Tofurnik był dla mnie trochę jak bajka z happy endem, który nie całkiem wyszedł. Niby żyli długo i szczęśliwie, ale książę miał kilka wad, dał się poznać z niezbyt książęcej strony i ogólnie coś było z nim nie tak (może pomylił bajki). Księżniczka patrzyła na niego trochę ze współczuciem, trochę z łezką w oku, jednak wiedziała, że ich los nie jest jeszcze przesądzony, a że była nadzwyczaj cierpliwą księżniczką, postanowiła poczekać.
Nie wiem wprawdzie, jak zakończyła się ta historia, wiem tylko, że w międzyczasie księżniczka przeszła na dietę roślinną, uznawszy, że dążąc do własnego happy endu, być może uda jej się przyczynić do happy endu kilku zwierząt. A co ma do tego tofurnik?
No właśnie. Nie mogę powiedzieć, że mi nie smakował, ale traktowałam go jak idealną odpowiedź na uwielbiany przeze mnie niegdyś sernik, miał pięknie wieńczyć historię o tym, że wszystko można zweganizować, a tymczasem pozostawiał specyficzny posmak, który lekko drażnił.
Aż do teraz.
Tofurnik z masłem orzechowym jest dla mnie objawieniem. Dzięki sporej ilości masła orzechowego, zyskuje cudowną konsystencję i - przede wszystkim - smak. Nie czuć charakterystycznego posmaku tofu, czuć za to doskonale kremową masę orzechową (jest przepyszna już na surowo, gdybym mogła powstrzymać się od jej podjadania, prawdopodobnie tofurnik byłby wyższy), spód i polewa tofurnika także zostały obdarzone orzechowym twistem.

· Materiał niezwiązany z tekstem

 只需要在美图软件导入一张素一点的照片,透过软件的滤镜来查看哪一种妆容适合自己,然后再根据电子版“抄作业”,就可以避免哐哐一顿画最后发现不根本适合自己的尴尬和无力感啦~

Nie dowiemy się nigdy czy nasza wegańska księżniczka próbowała swoich sił w tofurnikach, ja w każdym razie swój tofurnikowy happy end już mam.

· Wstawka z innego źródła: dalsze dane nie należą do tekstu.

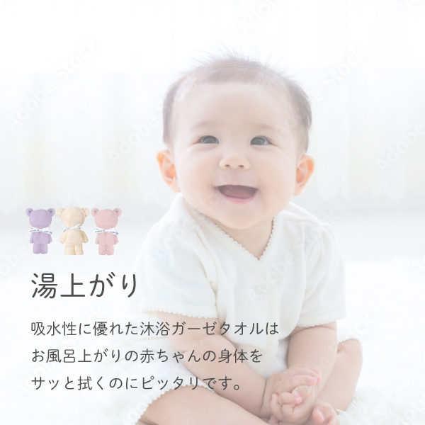 驚くほどの柔らかさと、保湿性、吸水性に優れた赤ちゃんのお肌を優しく洗うのにぴったりな沐浴ガーゼは育児の必須アイテム!1度の沐浴に使用するガーゼタオルは平均2?3枚程と言われており、何枚あっても喜ばれます。赤ちゃんはまだお湯に浸かることができないので、体が冷えてしまわないように沐浴ガーゼをかけたりして体温を調節したりします。デリケートなお肌を傷つけないように、沐浴専用のガーゼはとってもおすすめです。もちろん、お風呂だけではなく汗を拭いたり、よだれを拭いたりする時にもとっても便利。クマの形をしたタオルは使うのがもったいないくらいキュートで、ママのテンションもあがるとっても可愛い贈り物です。

Tofurnik z masłem orzechowym
spód
1/2 szklanki orzechów ziemnych (niesolonych)
1/2 szklanki mąki pszennej
1/2 łyżeczki sody
1/4 szklanki oleju
3 łyżki brązowego cukru pudru
masa z tofu
500 g tofu
250 g masła orzechowego (bez soli i cukru)
1/4 szklanki mleka roślinnego
1/2 szklanki brązowego cukru
1 łyżeczka ekstraktu waniliowego
3 łyżki skrobi kukurydzianej
polewa
100 g gorzkiej czekolady
1 łyżka masła orzechowego
kilka łyżek mleka roślinnego
1,5 łyżki oleju kokosowego
Orzechy ziemne zemleć na mąkę. Wymieszać z mąką pszenną, sodą i brązowym cukrem pudrem. Dodać olej i wyrobić ciasto. Spód tortownicy o średnicy 23 cm wyłożyć papierem do pieczenia. Wyłożyć ciasto, rozprowadzając je równomiernie. Podpiec około 15 minut w temperaturze 180 stopni.
W międzyczasie przygotować masę z tofu.
Tofu zmiksować na gładką masę wraz z masłem orzechowym, mlekiem, cukrem i ekstraktem waniliowym. Wyłożyć na podpieczony spód i piec 40 minut w temperaturze 180 stopni.
Upieczone ciasto całkowicie wystudzić.
Przygotować polewę. W kąpieli wodnej rozpuścić czekoladę wraz z 1 łyżką oleju kokosowego. W międzyczasie w garnku podgrzać masło orzechowe wraz z mlekiem i połową łyżki oleju kokosowego.
Polewę czekoladową rozprowadzić równomiernie po wierzchu ciasta. W dowolnych miejscach kłaść łyżeczką niewielkie ilości masła orzechowego i rozprowadzać za pomocą wykałaczki w dowolnych kierunkach, tworząc esy-floresy.
Tofurnik schłodzić, aż polewa stężeje. Przechowywać w lodówce.
Wygląda pysznie.
OdpowiedzUsuńSzkoda tylko, że pod przepisem nie ma mniejszego zdjęcia, żeby wydrukować sobie od razu ze zdjęciem :).
Pozdrawiam :).
PS
Nie można zlikwidować tego udowadniania, że nie jest się automatem w komentarzach?
Dziękuję :)
UsuńNiestety nie można tego zlikwidować, to blogspotowy standard ;)
Pozdrawiam :)
Jak nie można? Można zlikwidować ;-) Większość ludzi tego nie ma ;-) A tofurnik wygląda przepysznie :3
UsuńO, faktycznie :) Już usunęłam :)
UsuńPozdrawiam :)
muszę wypróbować ! :D
OdpowiedzUsuńbardzo polecam :)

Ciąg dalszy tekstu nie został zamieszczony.